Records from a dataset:
=== Section Start ===

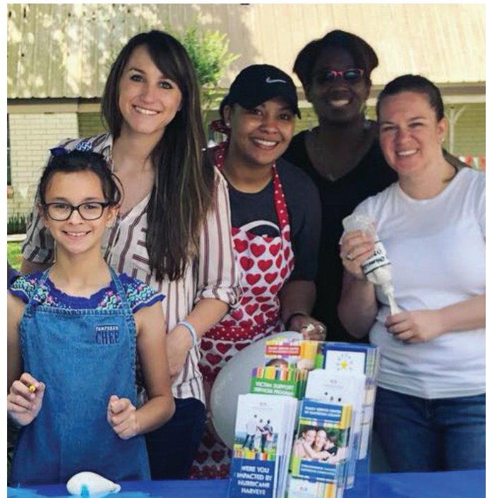
En entornos de escuelas y en ferias de recuperación comunitaria, el Centro de Servicios Familiares del Condado de Galveston que es beneficiario de la Cruz Roja Americana brinda servicios de salud mental y consejería a niños y familias que se recuperan del trauma del Huracán Harvey.
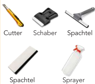
Cutter Schaber Spachtel
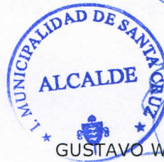
GUSTAVO WILLIAM ARÉVALO CORNEJO Alcalde
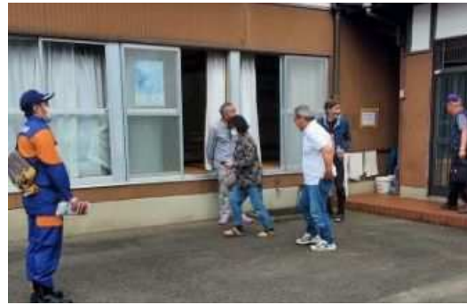
住民避難訓練(自主防災組織)
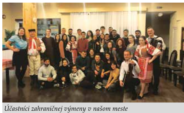
Účastníci zahraničnej výmeny v našom meste

ukázať čo o svojej krajine vedia a čo chcú ukázať ostatným. Túto možnosť ponúka Európska únia, vďaka ktorej môžu mladí cestovať po rôznych krajinách sveta. Cieľom Rady študentov je ukázať bystrickým študentom, že kultúrna rôznorodosť je v našej spoločnosti prirodzená. Ďalšie aktivity, ktoré Rada tento rok plánuje, budú aktivity – podpora volieb do europarlamentu, mimoškolské vzdelávanie Kurz mladého lídra, spolupráca s mestom na tvorbe dokumentov mládežníckej politiky. Okrem toho Rada opäť prijíma nových
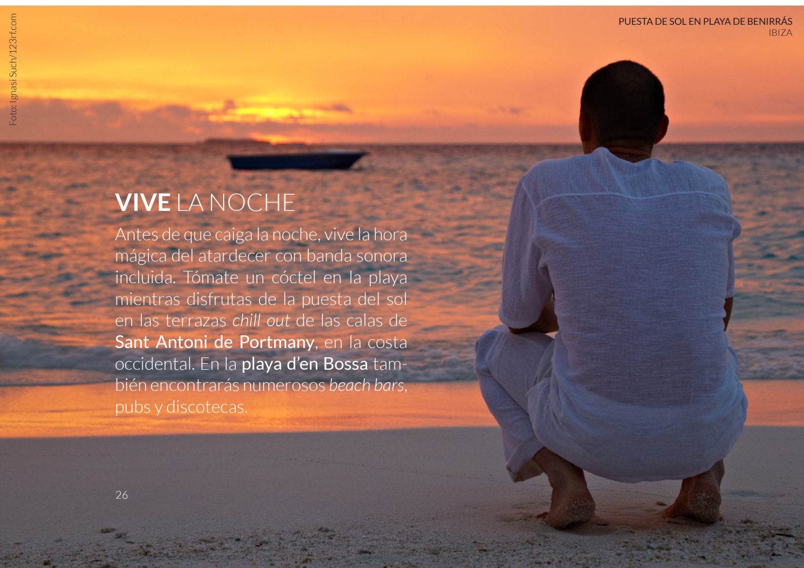
PUESTA DE SOL EN PLAYA DE BENIRRÁS IBIZA

Los paseos en bici son un plan perfecto: tienes varias rutas acondicionadas para elegir. O pedalea entre pinos, salinas y flamencos en el parque natural de Ses Salines . Otras opciones son visitar el Aquarium Cap Blanc , en Sant Antoni de Portmany, donde se pueden ver especies marinas típicas de la zona o recorrer la isla en uno de sus trenecitos turísticos (salen del puerto y diferentes playas y barrios).
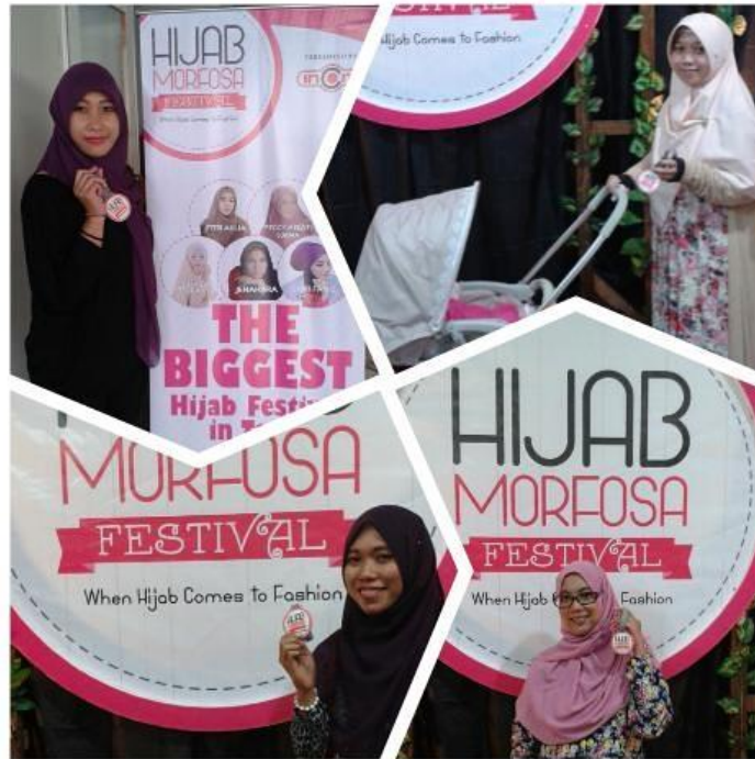
Empat Donatur Charity Hijabmorfosa
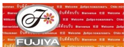
ウェルカム(8時、24時に放映)
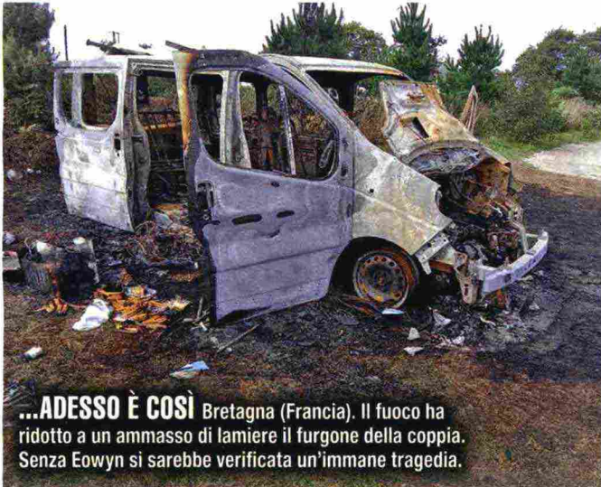
...ADESSO È COSÌ Bretagna (Francia). Il fuoco ha ridotto a un ammasso di lamiere il furgone della coppia. Senza Eowyn si sarebbe verificata un'immense tragedia.

dormivamo. Il cane ha iniziato a dondolare per avvisarci del pericolo»
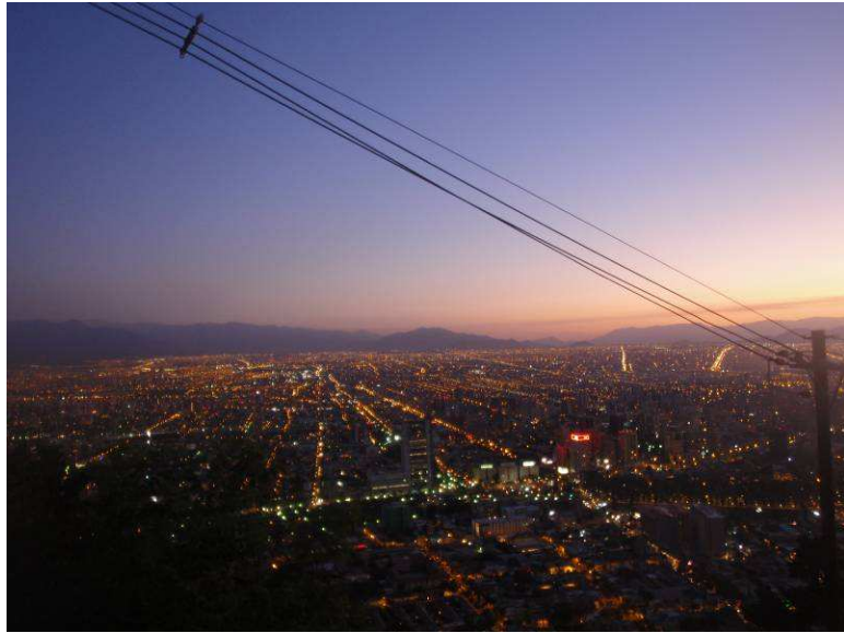
Das Fensterlichtermeer von Santiago
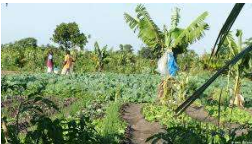
Figura 5-3: Vista de agricultura urbana nos arredores da Cidade de Maputo (Vale do Infulene)

Neste contexto, as intervenções do Projecto poderão implicar:
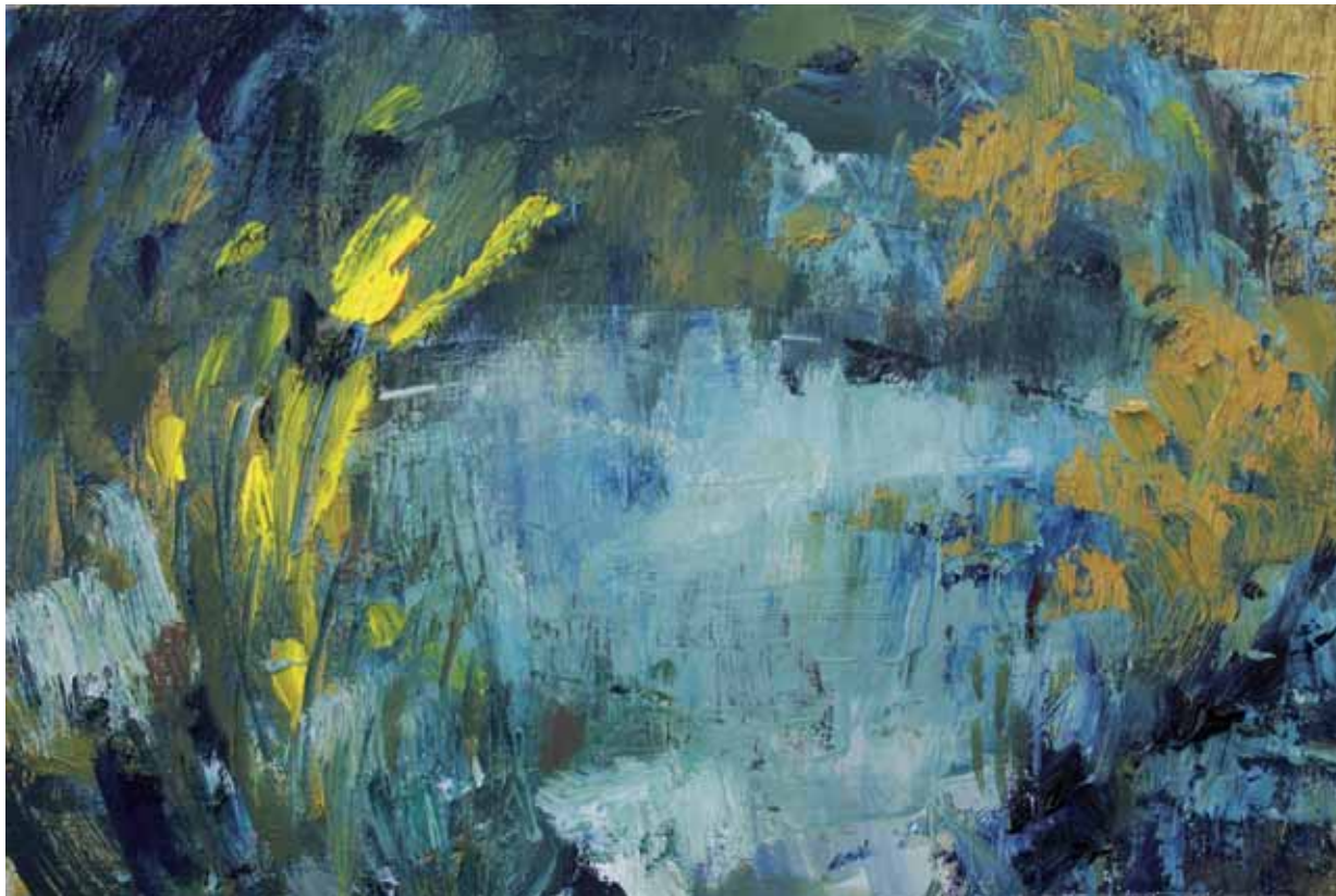
El río (Abstracción III) 20 x 30 cm Óleo sobre tabla

=== Section End ===

▶ **TASK STATEMENT**
Write every line above again exactly, but leave the pictures out.

▶ **EXERCISE ANSWER**
En entornos de escuelas y en ferias de recuperación comunitaria, el Centro de Servicios Familiares del Condado de Galveston que es beneficiario de la Cruz Roja Americana brinda servicios de salud mental y consejería a niños y familias que se recuperan del trauma del Huracán Harvey.
Cutter Schaber Spachtel
GUSTAVO WILLIAM ARÉVALO CORNEJO Alcalde
住民避難訓練(自主防災組織)
Účastníci zahraničnej výmeny v našom meste

ukázať čo o svojej krajine vedia a čo chcú ukázať ostatným. Túto možnosť ponúka Európska únia, vďaka ktorej môžu mladí cestovať po rôznych krajinách sveta. Cieľom Rady študentov je ukázať bystrickým študentom, že kultúrna rôznorodosť je v našej spoločnosti prirodzená. Ďalšie aktivity, ktoré Rada tento rok plánuje, budú aktivity – podpora volieb do europarlamentu, mimoškolské vzdelávanie Kurz mladého lídra, spolupráca s mestom na tvorbe dokumentov mládežníckej politiky. Okrem toho Rada opäť prijíma nových
PUESTA DE SOL EN PLAYA DE BENIRRÁS IBIZA

Los paseos en bici son un plan perfecto: tienes varias rutas acondicionadas para elegir. O pedalea entre pinos, salinas y flamencos en el parque natural de Ses Salines . Otras opciones son visitar el Aquarium Cap Blanc , en Sant Antoni de Portmany, donde se pueden ver especies marinas típicas de la zona o recorrer la isla en uno de sus trenecitos turísticos (salen del puerto y diferentes playas y barrios).
Empat Donatur Charity Hijabmorfosa
ウェルカム(8時、24時に放映)
...ADESSO È COSÌ Bretagna (Francia). Il fuoco ha ridotto a un ammasso di lamiere il furgone della coppia. Senza Eowyn si sarebbe verificata un'immense tragedia.

dormivamo. Il cane ha iniziato a dondolare per avvisarci del pericolo»
Das Fensterlichtermeer von Santiago
Figura 5-3: Vista de agricultura urbana nos arredores da Cidade de Maputo (Vale do Infulene)

Neste contexto, as intervenções do Projecto poderão implicar:
El río (Abstracción III) 20 x 30 cm Óleo sobre tabla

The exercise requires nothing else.